* Data segment *
---+---
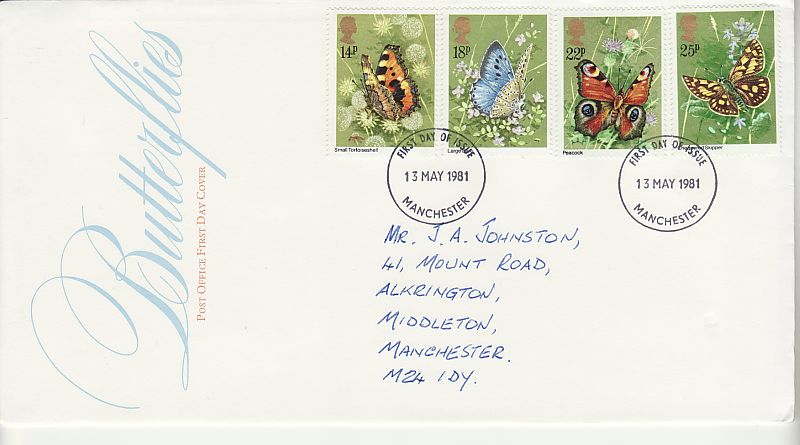 1981-05-13 Butterflies Stamps Manchester FDC (01037)
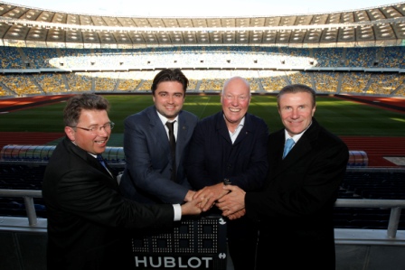 As Official Watch of the UEFA EURO 2012 ™, and also present on the referee board of the 14th UEFA European Football Championship, Hublot has chosen the Kyiv Olympic Stadium, an imposing 68,000-seater structure and the venue which will host several UEFA EURO 2012™ matches as well as the final scheduled for 1st July 2012, as the symbolic location for the unveiling of its two official UEFA EURO 2012™ watches.
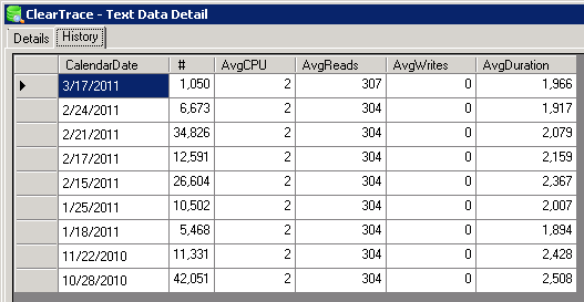 The latest release of ClearTrace (Build 38) now shows the execution history of a particular statement.
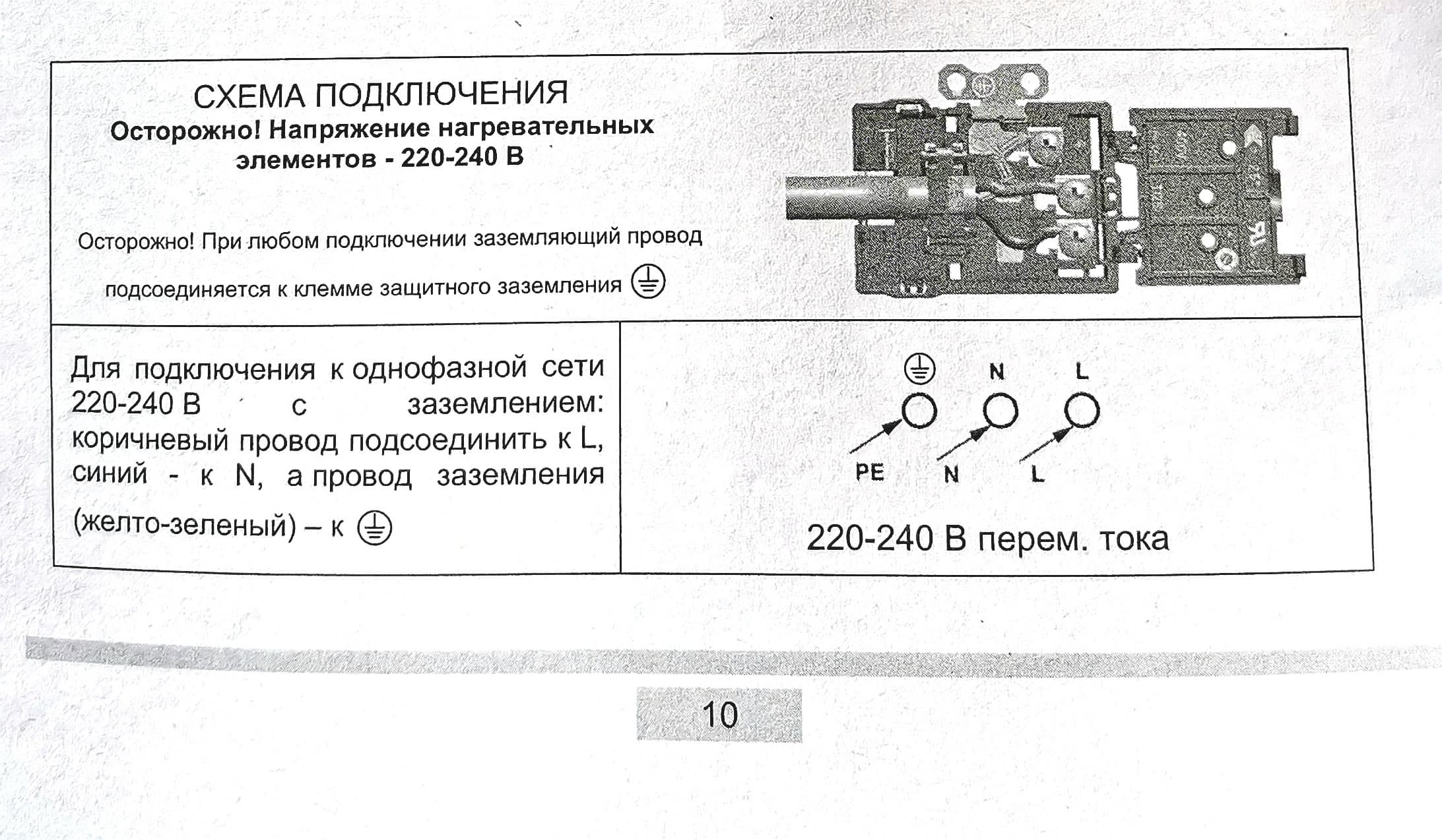 Духовой шкаф рассчитан на работу от однофазной сети переменного тока (220—240 В / 50 Гц). Духовка оборудована выходящим из задней стенки кабелем длиной около 1 м с тремя жилами стандартной расцветки, провод многожильный, обжат гильзами. Схема подключения находится на крышке соединительной коробки. Кабель должен соответствовать по типу и номинальной мощности, а также быть надежно зафиксирован в кабельном зажиме. Линия электропитания должна быть оснащена защитным выключателем для прекращения подачи питания в случае неполадок.
---+---
* Required action *
Return exactly the lines running from the line with "As Official Watch" through the final line of the listing. Leave the pictures out.

* Result for this exercise *
 As Official Watch of the UEFA EURO 2012 ™, and also present on the referee board of the 14th UEFA European Football Championship, Hublot has chosen the Kyiv Olympic Stadium, an imposing 68,000-seater structure and the venue which will host several UEFA EURO 2012™ matches as well as the final scheduled for 1st July 2012, as the symbolic location for the unveiling of its two official UEFA EURO 2012™ watches.
 The latest release of ClearTrace (Build 38) now shows the execution history of a particular statement.
 Духовой шкаф рассчитан на работу от однофазной сети переменного тока (220—240 В / 50 Гц). Духовка оборудована выходящим из задней стенки кабелем длиной около 1 м с тремя жилами стандартной расцветки, провод многожильный, обжат гильзами. Схема подключения находится на крышке соединительной коробки. Кабель должен соответствовать по типу и номинальной мощности, а также быть надежно зафиксирован в кабельном зажиме. Линия электропитания должна быть оснащена защитным выключателем для прекращения подачи питания в случае неполадок.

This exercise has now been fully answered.